Re: [Letux-kernel] BUG: drivers/pinctrl/core: races in pinctrl_groups and deferred probing

From: H. Nikolaus Schaller
Date: Mon Jun 18 2018 - 12:44:00 EST


Hi Tony,

> Am 18.06.2018 um 13:51 schrieb Tony Lindgren <tony@xxxxxxxxxxx>:
>
> * Christ van Willegen <cvwillegen@xxxxxxxxx> [180618 10:01]:
>>> --- a/drivers/pinctrl/core.c
>>> +++ b/drivers/pinctrl/core.c
>>> + if (!strcmp(function, gname))
>>
>>
>> This could never fail? gname guaranteed to never == NULL?

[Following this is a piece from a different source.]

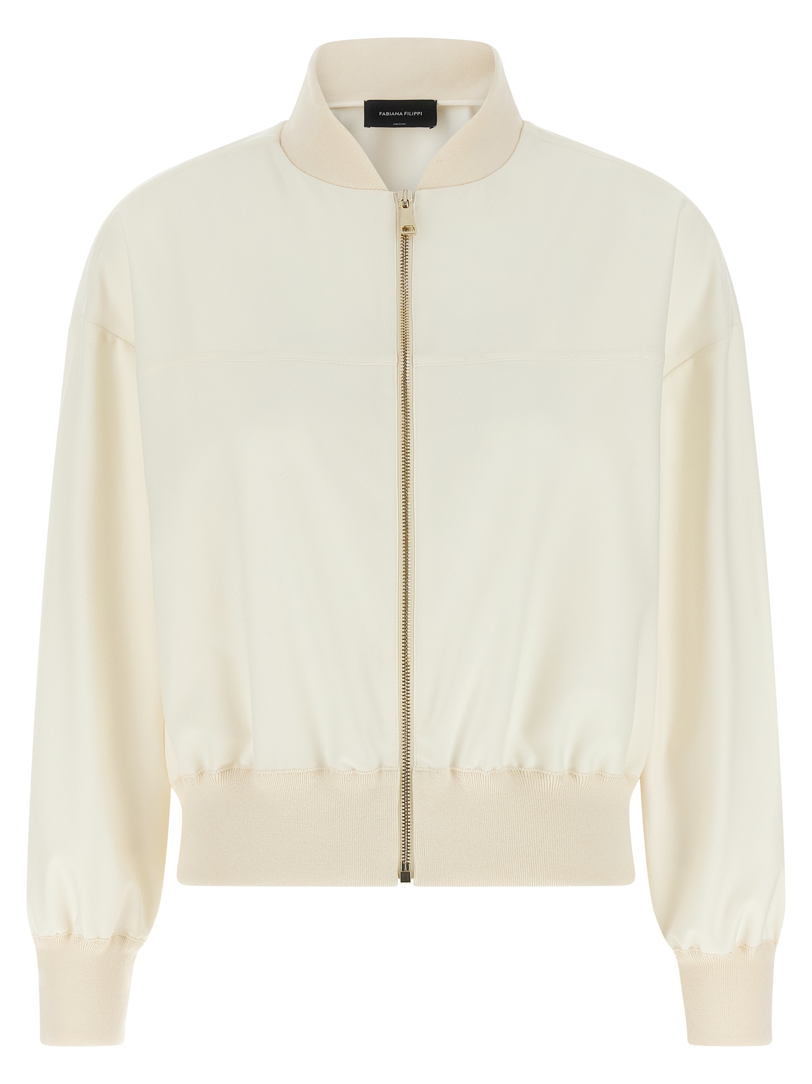 Bomber jacket in light fabric, lace insert with jewel detail at the back, ribbed elastic knit cuffs and bottom hem, and front zip closure.
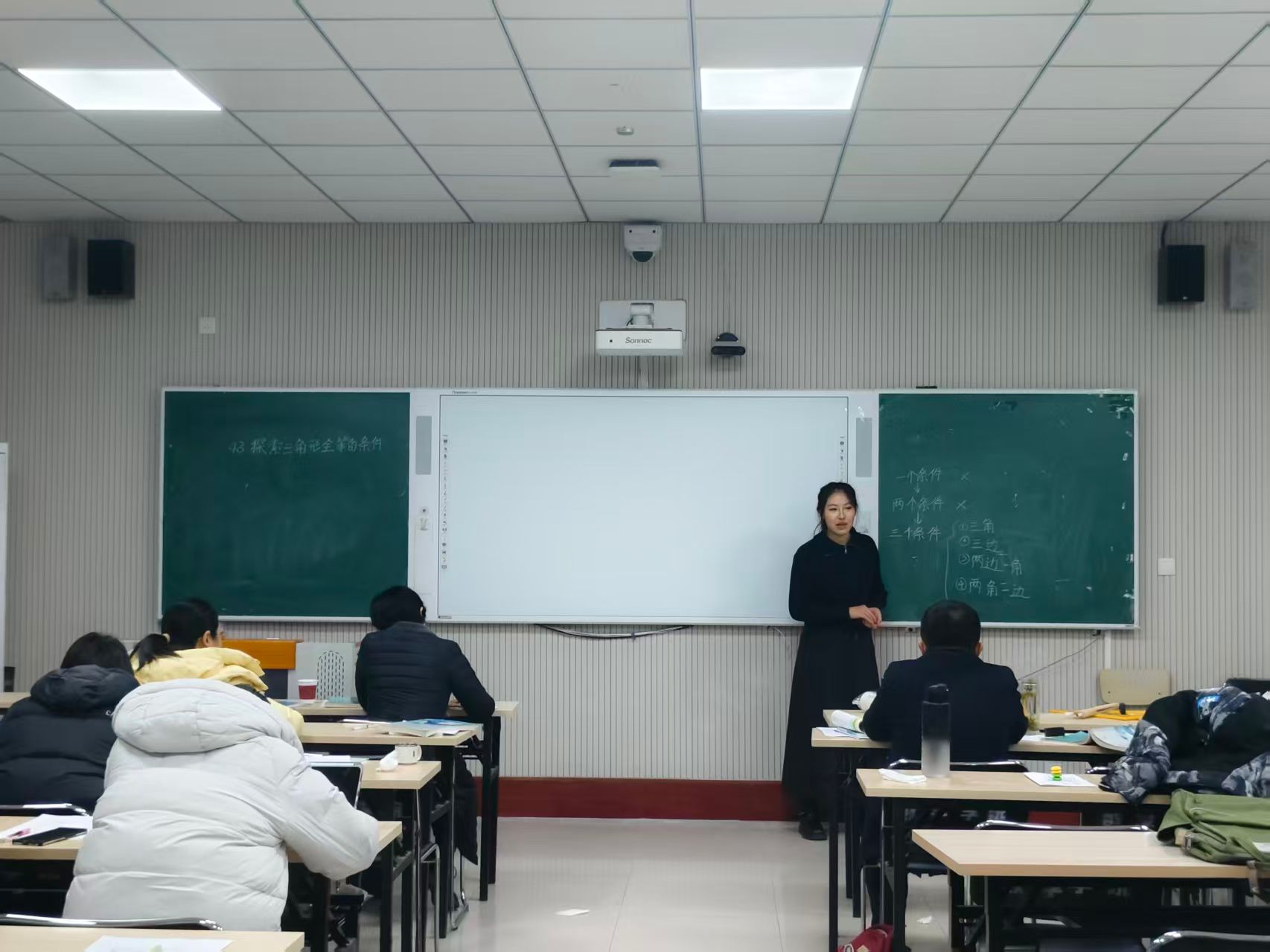 为更好地迎接第十四届山东省师范类高校学生从业技能大赛,精准提升参赛选手模拟授课能力、锤炼师范生教学基本功,数学学院于1月14日在一号教学楼B335教室举办了第十四届师范生从业技能大赛校级培育选手排名赛。本次活动分别邀请了小学数学、初中数学、高中数学三个学段各一名中小学一线教学名师担任评委,全体培育选手进行了观摩学习。

If there are no duplicates and stale entries any more, gname must
be valid.

>
> Thanks I'll add checks to make sure we always have a valid
> name for new functions and groups added.

Well, not having checks is the cheapest debugging tool that does not
even need to be enabled because strcmp(NULL) checks come for free :)

Jokes aside, I now have tested the latest patch and it seems to solve the issues :) :) :)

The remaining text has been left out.